Due to the fact that H(2) is the Toeplitz matrix, the complexity of matrix–vector multiplications can be reduced from \(O({{n}^{2}})\) to \(O(n{\mkern 1mu} {\kern 1pt} \log n)\) [9] using the fast Fourier transform and elementwise multiplication “⊙”:

$${{H}^{{\left( 2 \right)}}}^{*}x~\,\, = \,\,~{\text{IFFT(FFT(}} \odot {\text{)FFT(}}x{\text{))}}{\text{,}}$$

where \(G \in {{\mathbb{C}}^{{\left( {2n - 1} \right) \times \left( {2n - 1} \right)~}}}\) is a special substitute of the Toeplitz matrix [12, 13].

In addition, we solve SLEs using the generalized minimum residual method (GMRES), which requires fewer iterations than, for example, the stabilized biconjugate gradient method (BiCGSTAB), although it may require much more memory, especially if GMRES is used without restarts, since, in this case, it is necessary to store the Krylov basis of size k × n × n, where k is the number of GMRES iterations and n is the characteristic size of the SLE matrix [14].

The aforesaid facts as well as the complexity of operations, the number of iterations, and the PC storage space determine the efficiency of the numerical method to find a solution to the Helmholtz equation in the form of an electric field distribution at a fixed accuracy of its calculations.

The purpose of this work is to create a fast and efficient approach for calculating electric fields and to study its speed and efficiency.

2 NUMERICAL EXPERIMENTS AND RESULTS

W consider GMRES implementation using CUDA C++ and MKL C++. The code is written without “memcopy” operations and their analogues, so that the speed is increased. The performance was evaluated using the calculation of electric field for the Mie scattering by a cylinder in a 2D problem. In this example, an electric field with plane wavefronts comes from infinity and is incident on the side surface of the cylinder with the wavefronts being perpendicular to the cylinder axis.

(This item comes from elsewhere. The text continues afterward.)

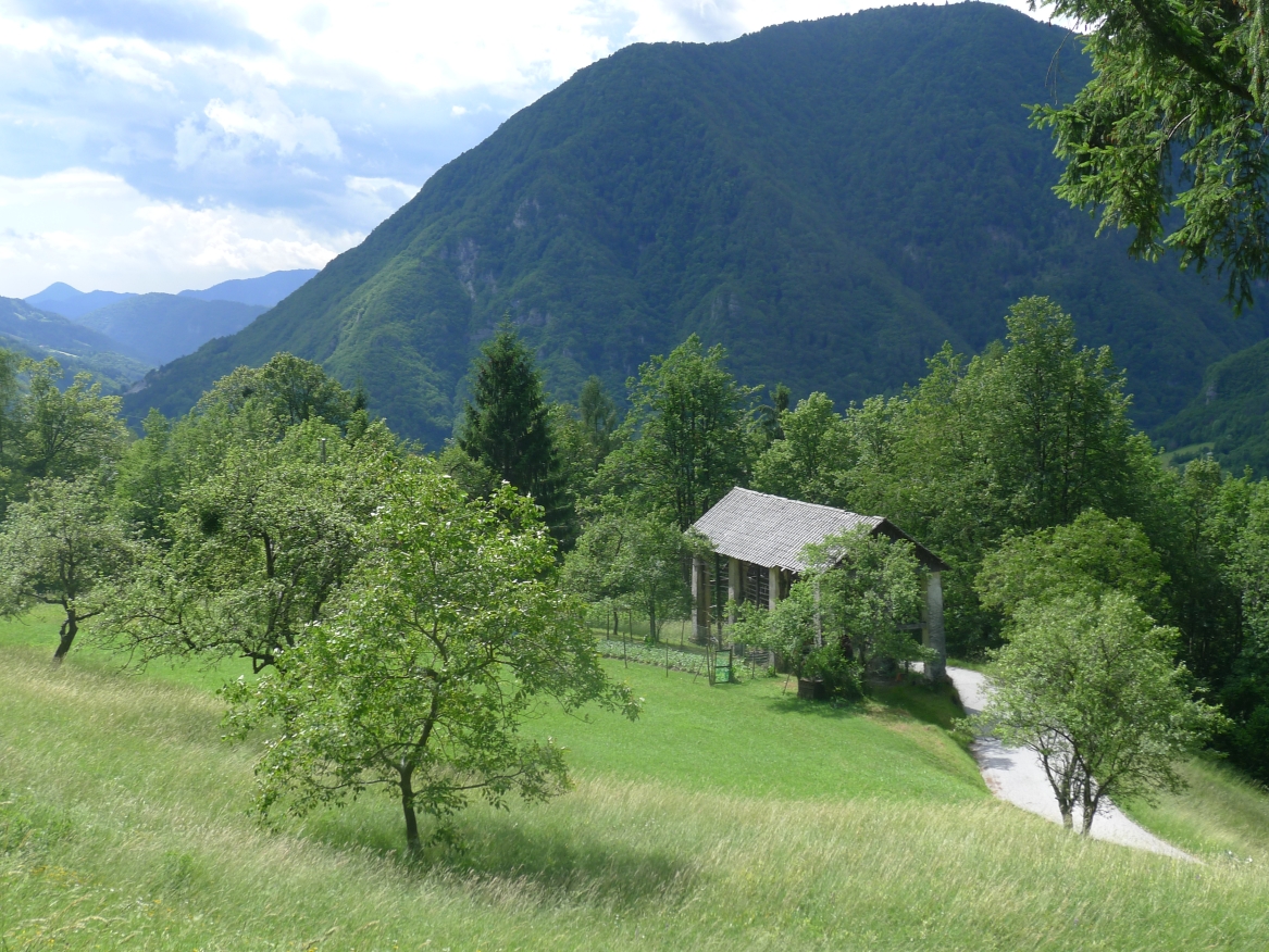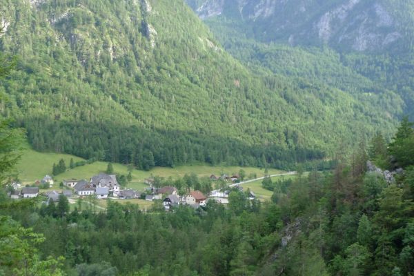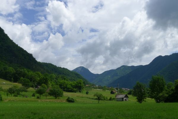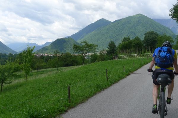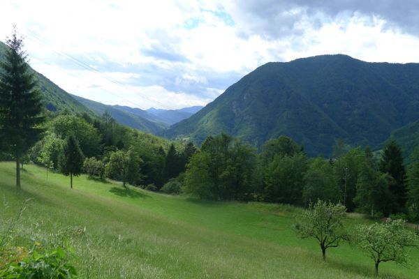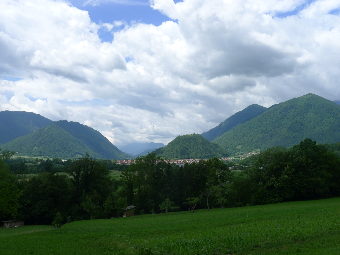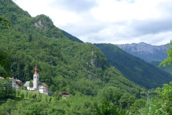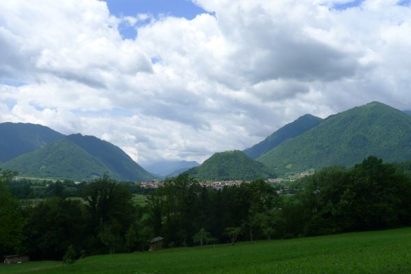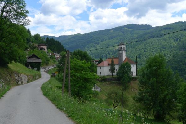 13:17 Uhr: weiter geht’s. Nach 2km kommt der erste richtige Anstieg des Tages, bislang ging es ja überwiegend nur bergab. Wir biegen von der Soča ab, haben einen letzten Blick auf den intensiv-grün gefärbten Fluss und fahren 3km lang bergauf nach Ljubinj. Immer wieder bieten sich tolle Blicke zurück ins Tal, auf Tolmin und den markanten Burgberg.
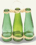 * 吊式花瓶: 三只相同式样,相似颜色的汽水瓶,洗洗干净,用麻绳捆捆,连接起来,再绑上吊环……就成了一只别有风味的吊式花瓶!

Calculations for the Mie problem were carried out for the following mesh sizes (n × n) (Table 1): 256 × 256, 512 × 512, 1024 × 1024, …, 8192 × 8192. For each mesh, the Mie problem was repeatedly solved 100 times to calculate the error of the numerical solution compared to the analytical one and the average computation times for \({\text{the}}\) parallelized code (CUDA) and sequential algorithm (MKL). We divided the time of the sequential version by the time of the parallel version to determine acceleration of the code due to parallelization. The CUDA calculations were performed using an Nvidia Tesla V100 GPU, and the MKL calculations were performed using a Xeon Gold 6140 CPU.

Table 1. Results of numerical solutions compared with the results of analytical solution for different matrix sizes

The results show that, in all cases, the GMRES converges and reaches the maximum accuracy at the 24th iteration compared to the analytical solution for the Mie scattering by a cylinder.

3 CONCLUSIONS

Thus, we have found (Table 1) that an increase in the mesh size leads to higher accuracy of electric field calculations, but the computational time exponentially increases with the characteristic mesh size. Nevertheless, the acceleration of the code owing to parallelization tends to increase with increasing mesh size, which is due to the involvement of a greater number of graphic cores with an increase in the number of simultaneous calculations of matrix elements. The proposed approach will help to faster and cheaper design new wave microdevices, measure physical characteristics, and perform topological optimization of such microdevices.